Stalinist North Korea staged its first general election in more than five years yesterday to fill seats in the rubber-stamp legislature, the Supreme People's Assembly.
North Korean television showed footage of voters -- many with rows of shiny medals -- leaving ballot stations and people dancing in circles in town squares.
Citizens were "participating in the election ... to devote themselves to the sacred struggle to consolidate the people's power as firm as a rock and demonstrate the dignity and might of the DPRK through the current election," the official Korean Central News Agency said.
It said that 85.68 percent of registered voters had cast their ballots by midday.
Also yesterday, North Korea said it was still ready for six-way talks to resolve a crisis over its nuclear ambitions, but it would have no dialogue with a US arms control envoy after his sharp criticism of the country and its leader.
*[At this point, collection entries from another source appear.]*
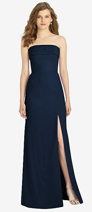Strapless Empire Waist Cutout Maxi Dress with Covered Button Detail in midnight navy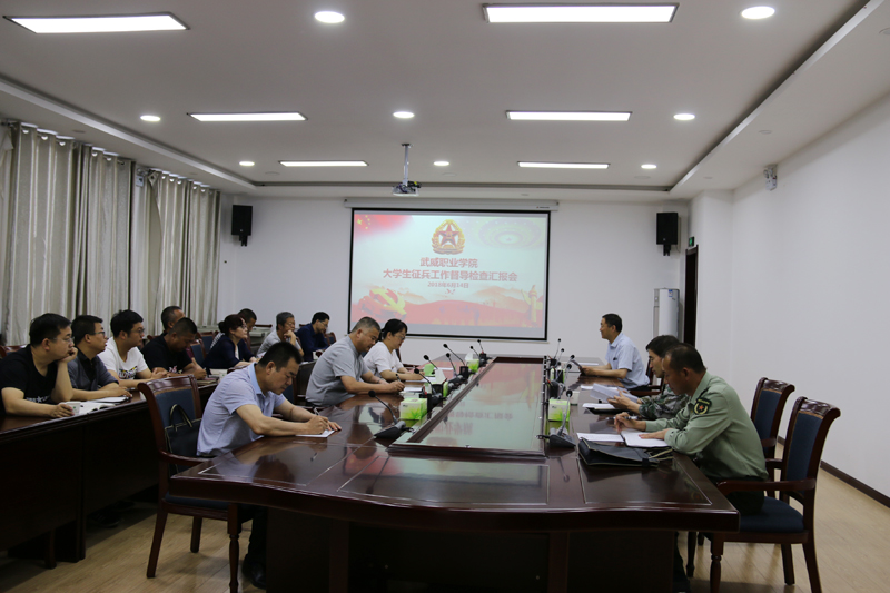 6月14日上午,由武威軍分區(qū)副司令員丁全綱帶隊(duì),市教育局督學(xué)張應(yīng)偉、涼州區(qū)人武部政委丁俊強(qiáng)、涼州區(qū)人武部副部長韓小偉、涼州區(qū)西關(guān)街武裝部部長趙光慶一行5人到我院督導(dǎo)檢查征兵工作,學(xué)院副院長田迎春、學(xué)工處處長王守云陪同檢查。各系黨總支書記、輔導(dǎo)員參加了匯報會,田迎春主持會議。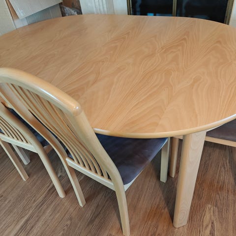 Tummanruskea isi pöytä ja kuusi ruskeaa tuolia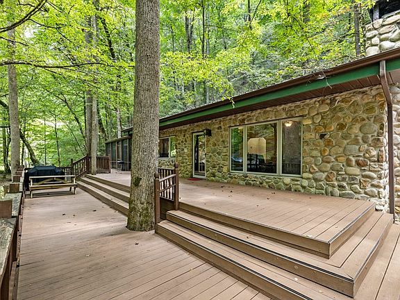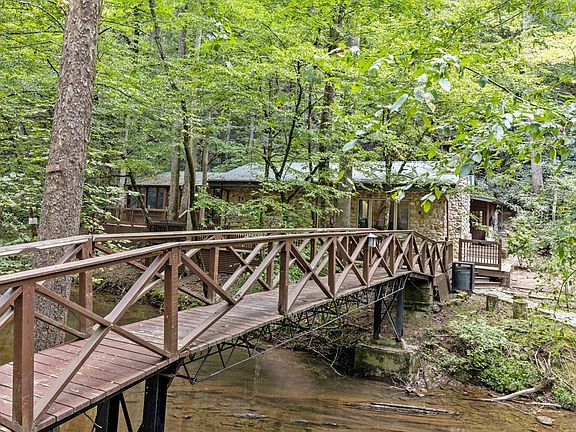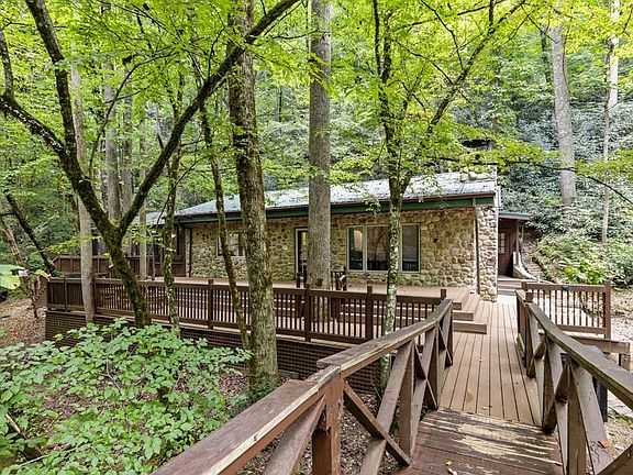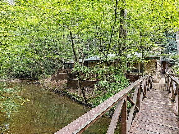 CREEKSIDE CABIN what a beautiful setting at this cabin starting when you first pull up. Nice and private with a creek right in the front of the cabin. Cross the bridge to go over the creek to get to the house and the peacefulness of the creek is so enjoyable. Stop and listen to the sounds of the creek on the bridge. Firepit area to the right of the house to sit out enjoy a fire and the creek. Large deck area with new trex boards for you to grill outside on the new gas grill. Also cut off valve for gas for grill and fireplace. When you come into the house they have nice hard wood floors. The sellers have updated the furniture in the living room and it has a gas fireplace. The fixtures throughout is a nice touch. The bedroom has nice wood furniture and while in your bed open the windows and you can hear the sound of the creek. In the bathroom there are granite countertops and hook up for a TV to watch while in the jacuzzi. Large tile shower and 2 separate toilets with doors for privacy. Tile floors in the bathroom and carpet in the bedroom. There is an owners closet for rentals, if you decide to put it on a rental program. Also walk out to the large screened in porch with a great view of the creek. Possibly turn this area into a game room plenty of room for so many things. Sellers had the property on a rental program until October 2021 and took it off the rental program. Until that point the gross rental amount was $50,000. Also lot next door if you are looking at the cabin to the left parcel # 103K A 008.00 is also included in this purchase. Call today to schedule your showing for this great house!!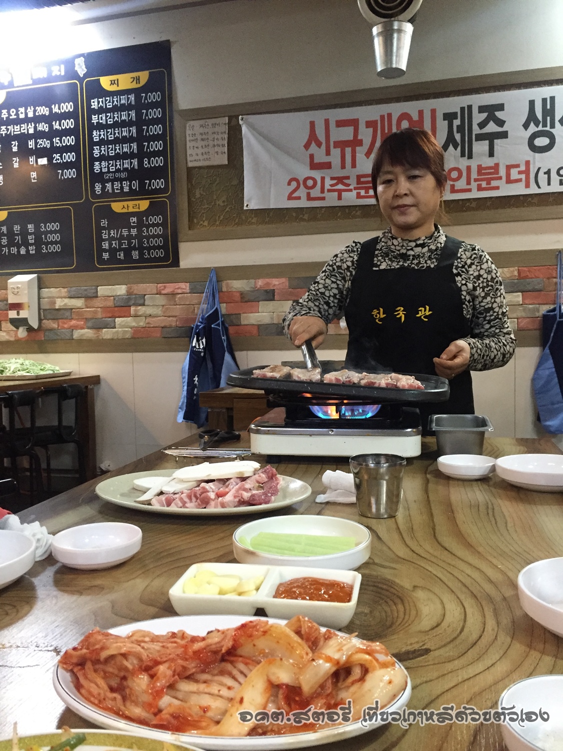 หลังจากพักทานอะไรอุ่นๆให้พอคลายหนาวกันแล้ว พวกเราก็ไปทาน "ซัลกยอบซัล" หรือหมูสามชั้นย่างที่ย่านอึลจิโรค่ะ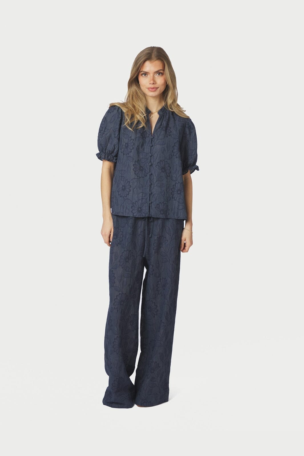Dunkelblaue Bluse von Neo Noir mit einem geblümten und gestreiften Muster. Die Bluse hat kurze Puffärmel, einen V-Ausschnitt und eine Knopfleiste vorne.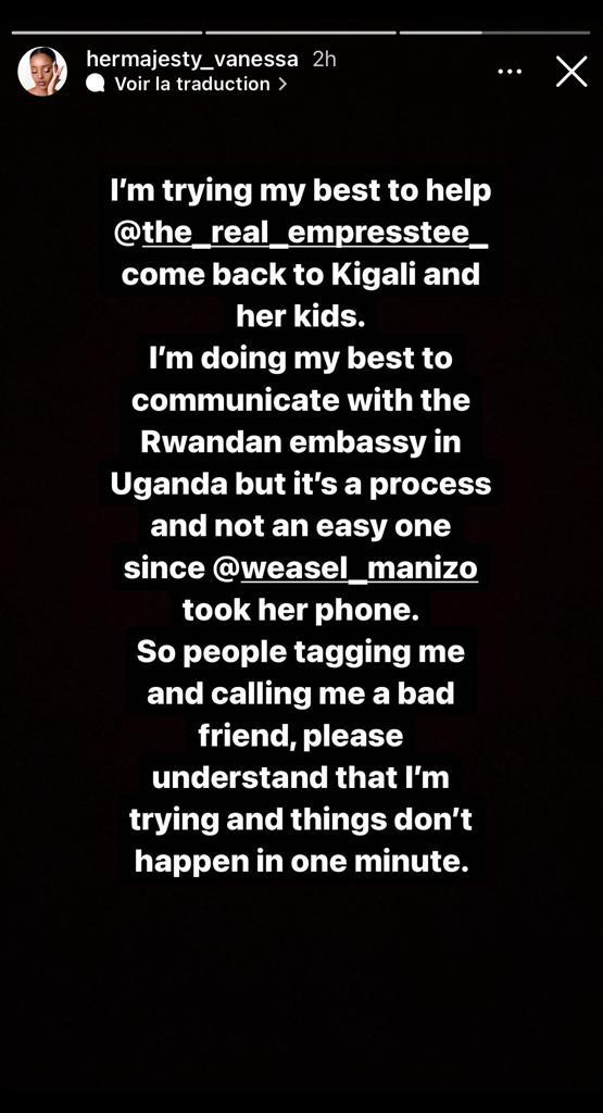 Ugenekereje mu Kinyarwanda ubutumwa Teta Sandra yanditse bushatse kuvuga ngo « ndikugerageza uko nshoboye ngo mfashe TETA SANDRA kugaruka i Kigali na abana be ndimo gukora uko nshoboye kugira ngo mvugane na ambasade y’u Rwanda muri Uganda ariko ni inzira ndende kandi ntabwo yoroshye kuva @weasel_manizo yafata terefone ye ntabwo mbasha kumuvugisha abantu rero bari kumbaza no kunyita inshuti mbi, nyamuneka mwumve ko ndimo ngerageza kandi ibintu ntibikora mu munota umwe ».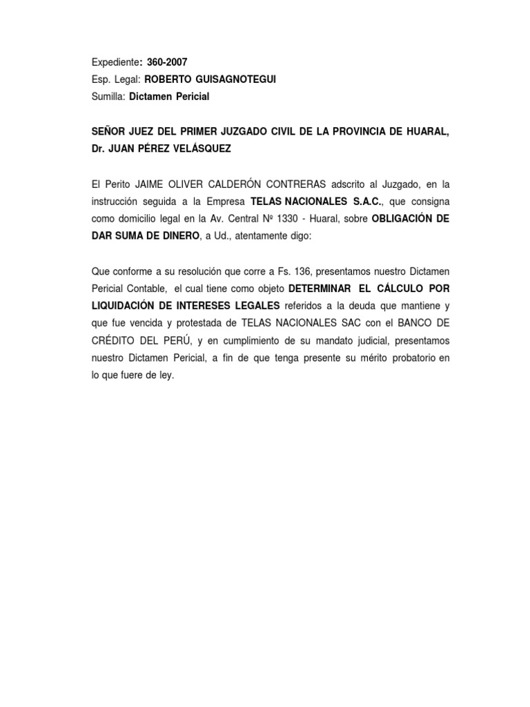 El examen pericial está dirigido a determinar los intereses legales calculados a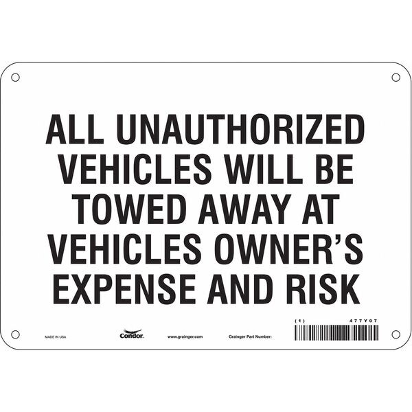 Illegal & Unauthorized Vehicles Will Be Towed Parking Sign, Height 7 in, Width 10 in, Sign Material Aluminum, Sign Mounting Style Mounting Holes, Printed Language English, Sign Shape Horizontal Rectangle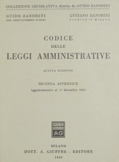 Seconda appendice. Aggiornamento al 1° dicembre 1959 - Quinta edizione - Collana Collezione legislativa diretta da Guido Zanobini - in 16° - pp.930 - Brossura editoriale

On Thursday Undersecretary of State John Bolton referred to life in North Korea as a "hellish nightmare," saying leader Kim Jong-il lived like royalty while keeping hundreds of thousands of his people in prison camps and millions more in poverty.
North Korea and the US said on Friday they had agreed to hold six-way talks on the nuclear standoff. China, Japan, Russia and South Korea will also attend.
The prospect of fresh talks follow months of tension after Washington's announcement last October that Pyongyang had admitted to pursuing a covert nuclear weapons program.